Die Zusammenarbeit wird über das abgeschlossene Interreg-Kleinprojekt fortgesetzt, wobei das Ziel, die Errichtung des Kompetenzzentrums für Währungsdesign weiter verfolgt wird. Zu den konkreten nächsten Schritt zählt im Herbst der Besuch einer Wörgler Delegation bei der Aufführung des Theaterstückes „Das Wunder von Wörgl“ in Trostberg und Christian Gelleri vom Chiemgauer  wird das Klimabonus-Projekt in Wörgl vorstellen. Seit Anfang Juli 2019 arbeiten Vertreter des Chiemgauer e.V. am Aufbau eines regionalen Gutscheinsystems zur Förderung des Klimaschutzes aktiv mit.

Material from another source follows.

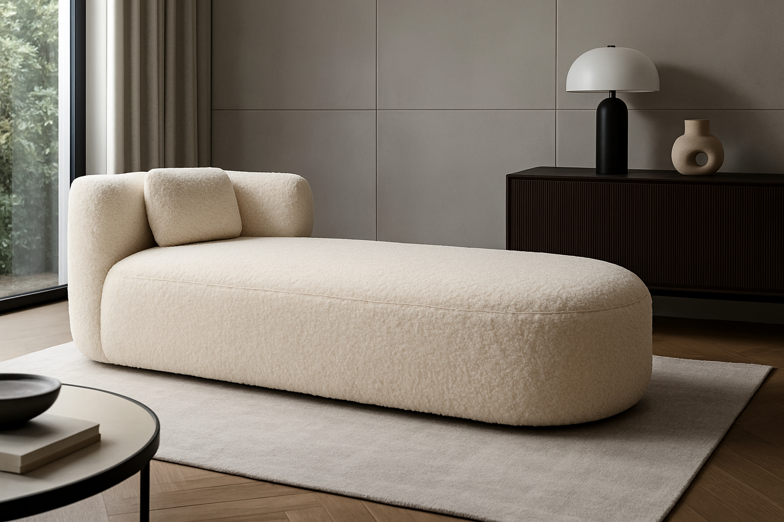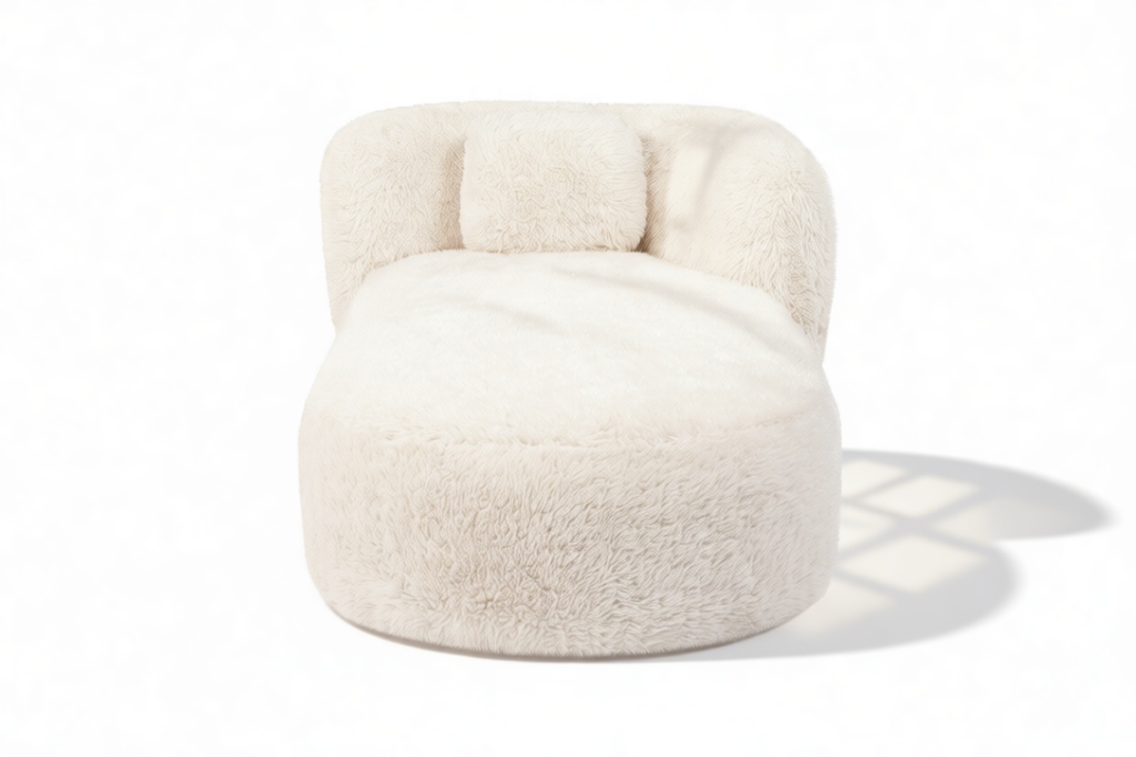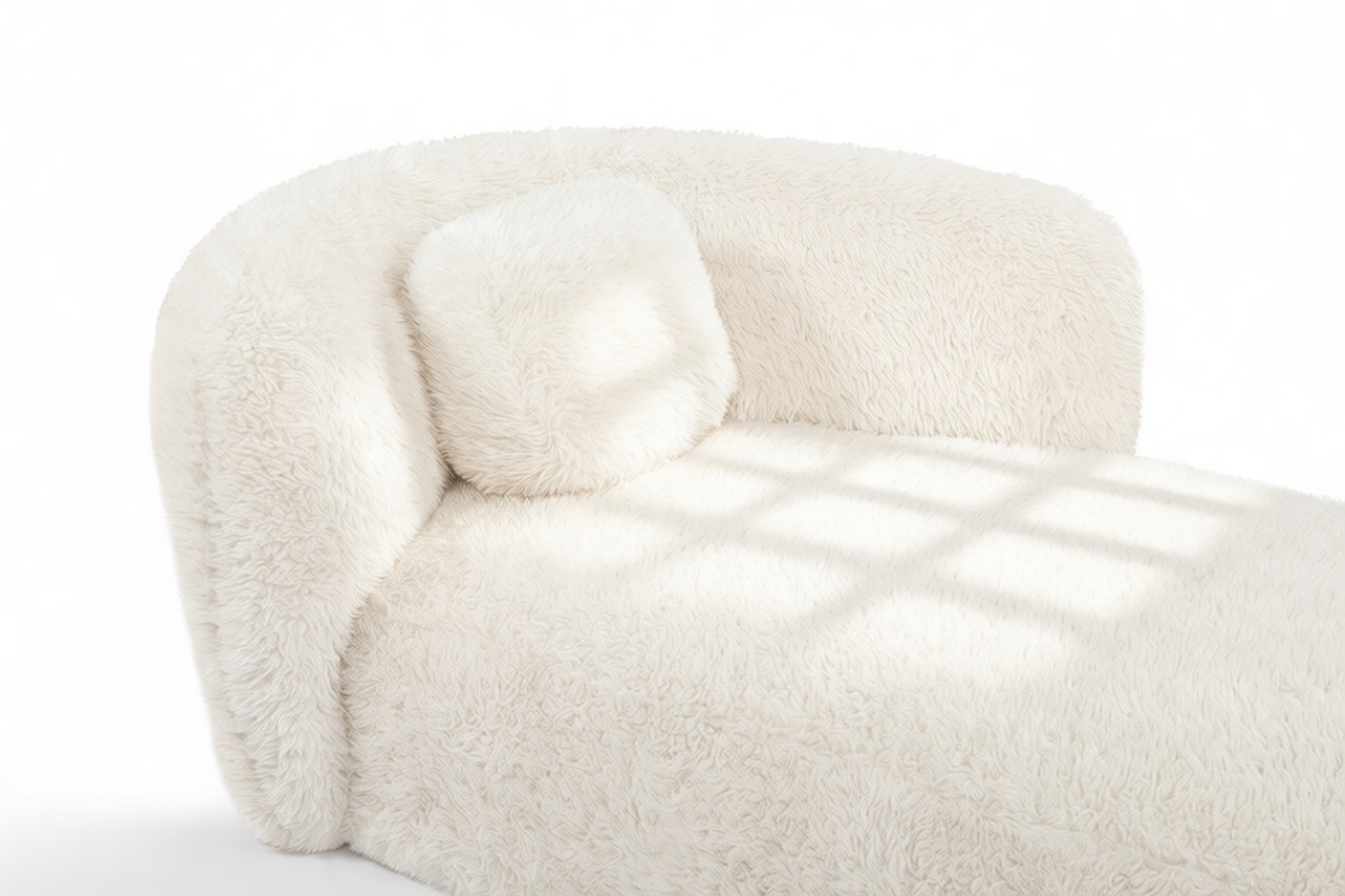 Experience ultimate comfort and modern style with the Diane Daybed. Featuring a plush, long-haired Sherpa upholstery that beckons relaxation, this piece is designed for lounging in style. Crafted with a sturdy solid wood frame for durability and stability, its contemporary rounded design with smooth edges adds to its aesthetic charm. The unique single-armrest seamlessly flowing into a low backrest gives this daybed an elegant silhouette.

Abschluss-Veranstaltung EU Interreg-Kleinprojekt Gemeinsam grenzüberschreitend Geld & Gesellschaft gestalten. Foto: Unterguggenberger Institut

Die Zusammenarbeit geht weiter – darüber sind sich die TeilnehmerInnen des Interreg-Kleinprojektes „Gemeinsam grenzüberschreitend Geld & Gesellschaft gestalten“ einig. Bei der Abschluss-Präsentation hinten von links Projektbetreuerin Joanna Egger und Klaus Ritzer von Komm!unity, GR Christian Huter, Erwin Kiefer vom „Realo“, Wörgls Sozialreferent GR Christian Kovacevic, Bürgermeisterin Hedi Wechner, Jutta Seethaler und Veronika Spielbichler vom Unterguggenberger Institut, vorne v.l. Christian Gelleri und Stefan Schütz vom Chiemgauer und Heinz Hafner vom Unterguggenberger Institut.